By all accounts, with the one star or less reviews as the primary indicator, Dominik seemed to strike the right chord with his target audience. Most people, as they should, came to the show and hate what they saw. For transgressive art to exist, I think it’s important to parse through why they feel that way and look inside themselves before they question the merits of what’s on screen. Regardless of your relationship to the subject, it’s been made abundantly clear that Americas brightest blonde idol, and any idol for that matter, is someone you truly never knew, likely will never know, and any vision you have for them is just an internal projection, which creates a person that doesn’t even exist. 

Those fetishizing Norma’s star persona cry out “just let her die” and in the same breath promote her glorious past work and any other text that evokes the happiness and joy they hold dear. It’s no doubt Dominik goes to some silly and mentally probing lengths to portray the dark side of this star, but it’s important to remind the ill-ridden fandoms that they can’t just have it one way. As much as it’s led to believe Dominik is digging up Marilyn to poke at her dead body with a stick, he’s at least trying to do something a bit more provocative than Fire Walk With Me. Rather than spending a few seasons of television before seeing what you already know about Laura, fans who spent fractions of their lives around Marilyn will receive much more agitation. You’re made to think you can save her, but you can’t, and even if you could would they want that from you?
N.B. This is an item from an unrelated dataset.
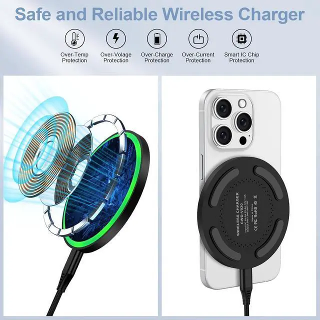 Wireless Charger: The wireless charger fast charging Pad support 4 kinds of output power schemes: 15W/10W/ 7.5W /5W. Different devices will automatically adapt to different output powers maximum output power of the 15w fast wireless charger for Pixel 8 a/8Pro/7/7a/6 10W fast wireless charger pad for Galaxy S24 Ultra/S23/S22/S21/S20 wireless charger station provide 7.5W output for iPhone 16/15/14/13/12 android wireless charger allows you to charge your device at a higher charging speed which up to 2x faster than standard cordless charger. Multiple Protections &

Blonde might not reach the heights of the discourse surrounding it, but it’s a bold try and nothing like it will exist if we keep turning away. I think this certainly could have been shorter, but being made to endure the dizziness and fragmentation while you sit in disgust and exhaustion also seems to very much be the point. Maybe years removed a revisit will do myself and many others well, but aside from it being less compelling than I hoped, do to those silly choices like stop signs and tanks aiming upwards, it’s stylistically incredible in many parts. The scene transitions are brilliant, the in an out of consciousness edited through different scenes are very well constructed, and the score is so well refined and well placed. 

Ultimately, the fate of Blonde is up to how you came and approached it. If somehow being in a state of constant confusion about your past trauma and future goals when deciding if a child’s life is your to bear is read as anti-abortion, then anything else can mold to the viewers projection as they sit and struggle with the illusions in life they’ve created through art.